Nothing but the lines from the one with "Le dispositif spécial" through the final line of the entries should appear in the answer, copied exactly and without pictures.

**DATA FOR PROCESSING:**
——
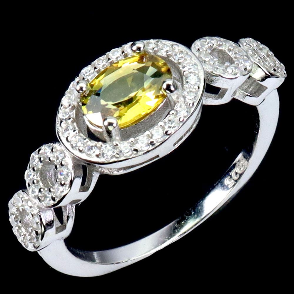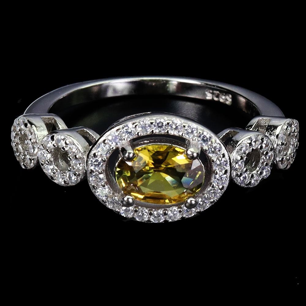 7X5 mm YELLOW SAPPHIRE RING IN 14K WHITE GOLD PLATED OVER 925 STERLING SILVER - APPRAISED REPLACEMENT VALUE CAD 670
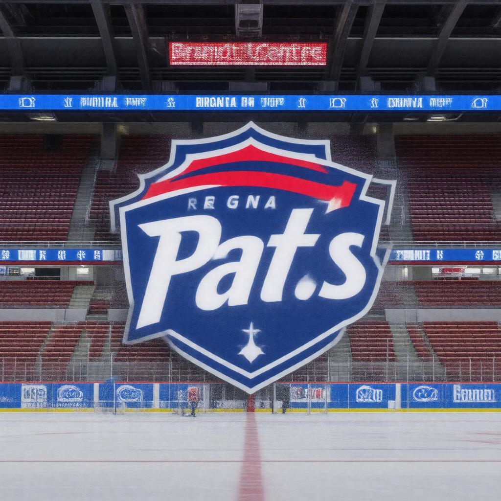 "Generate an image of the Regina Pats' logo or a team photo in front of the Brandt Centre, with a predominantly blue, red, and white color scheme, showcasing the team's branding and arena, in a realistic style."
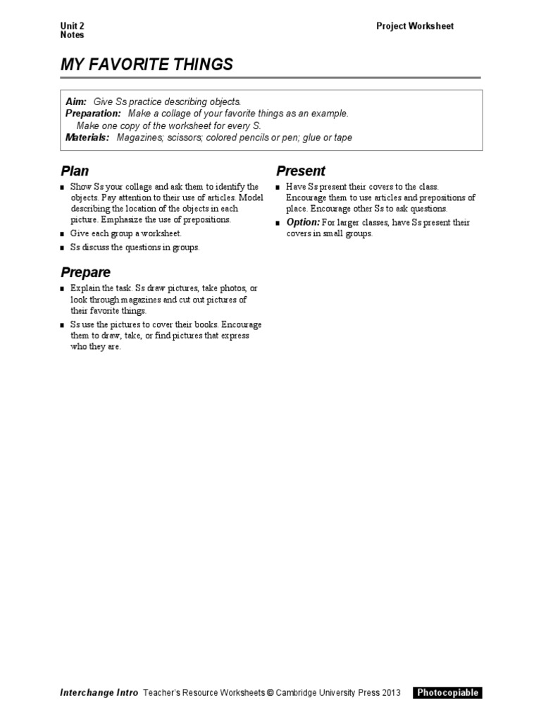Interchange Intro Teacher’s Resource Worksheets © Cambridge University Press 2013 Photocopiable
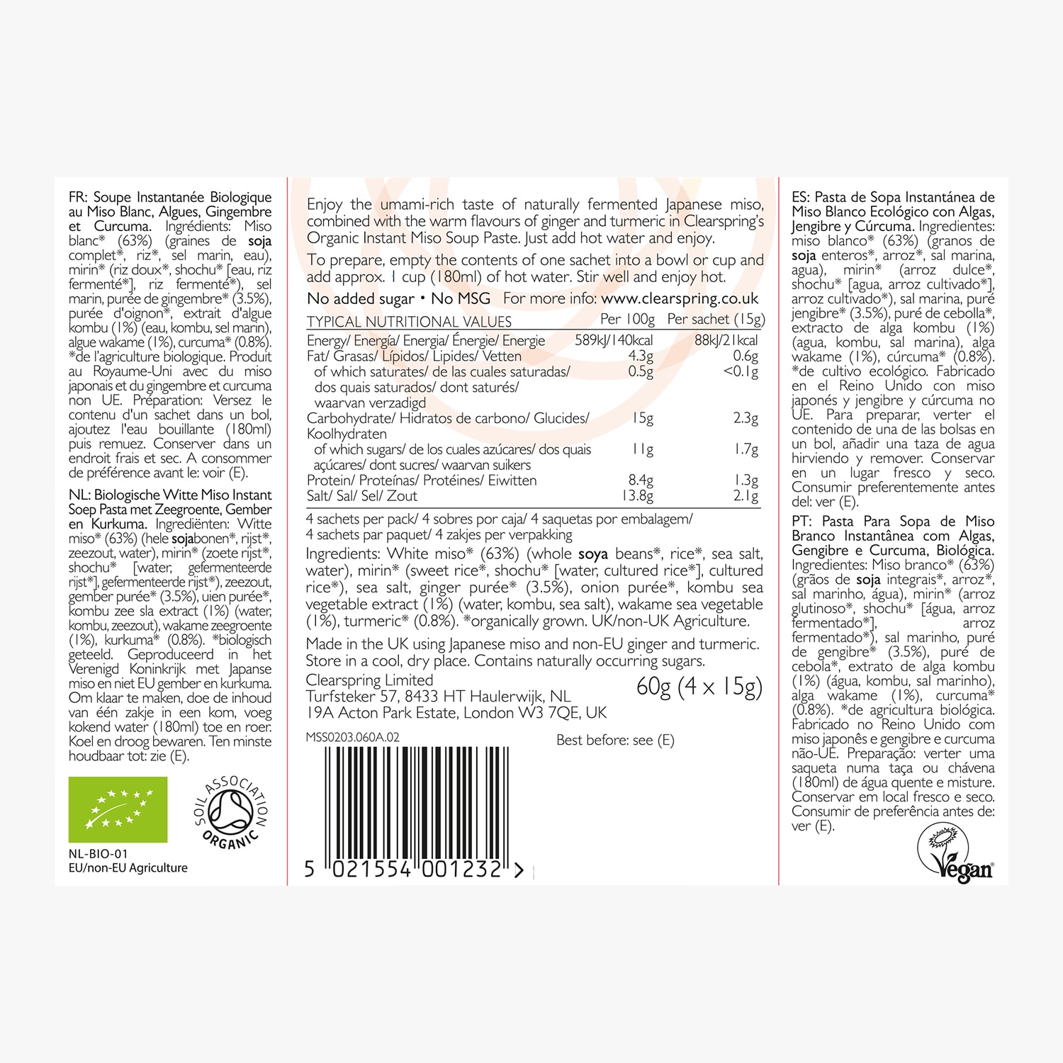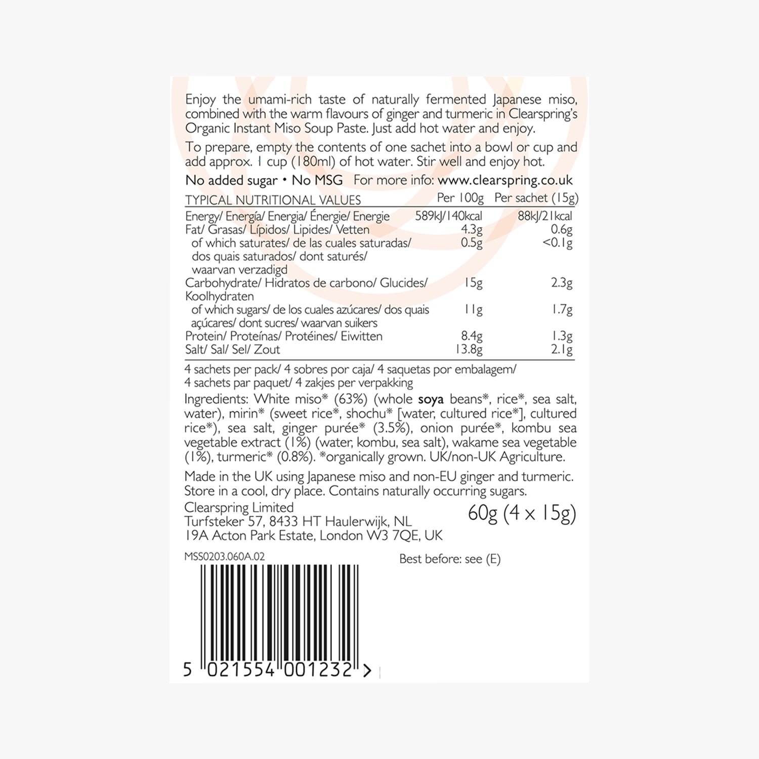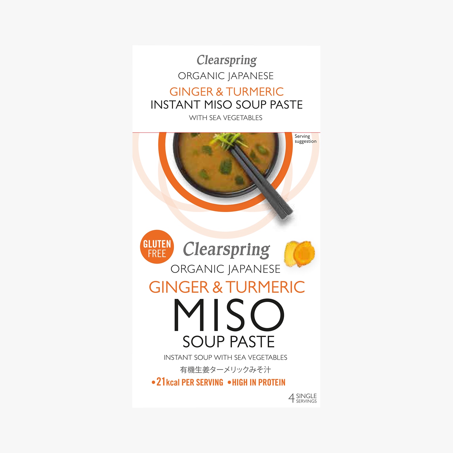 Soupe instantanée biologique au miso blanc, algues, gingembre et curcuma Clearspring
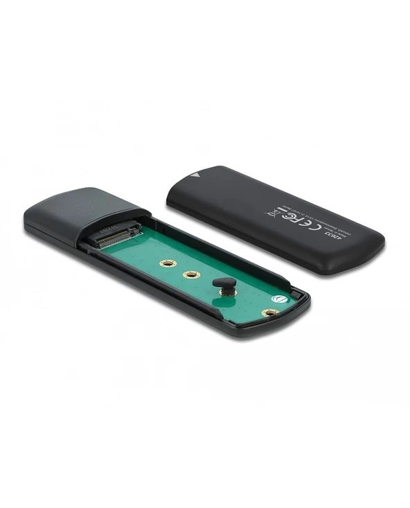 Le dispositif spécial de ce boitier fait qu’aucun outil n’est nécessaire pour installer le SSD M.2. Le couvercle peut être poussé vers l’arrière par une petite pression, le SSD sera attaché au PCB avec un embout en caoutchouc, puis le couvercle est remis jusqu’au verrouillage.
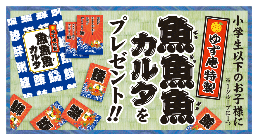 ※「ゆず庵特製 魚魚魚(ぎょぎょぎょ)カルタ」はなくなり次第終了となります
——
**SOLUTION TO THIS PROBLEM:**
 Le dispositif spécial de ce boitier fait qu’aucun outil n’est nécessaire pour installer le SSD M.2. Le couvercle peut être poussé vers l’arrière par une petite pression, le SSD sera attaché au PCB avec un embout en caoutchouc, puis le couvercle est remis jusqu’au verrouillage.
 ※「ゆず庵特製 魚魚魚(ぎょぎょぎょ)カルタ」はなくなり次第終了となります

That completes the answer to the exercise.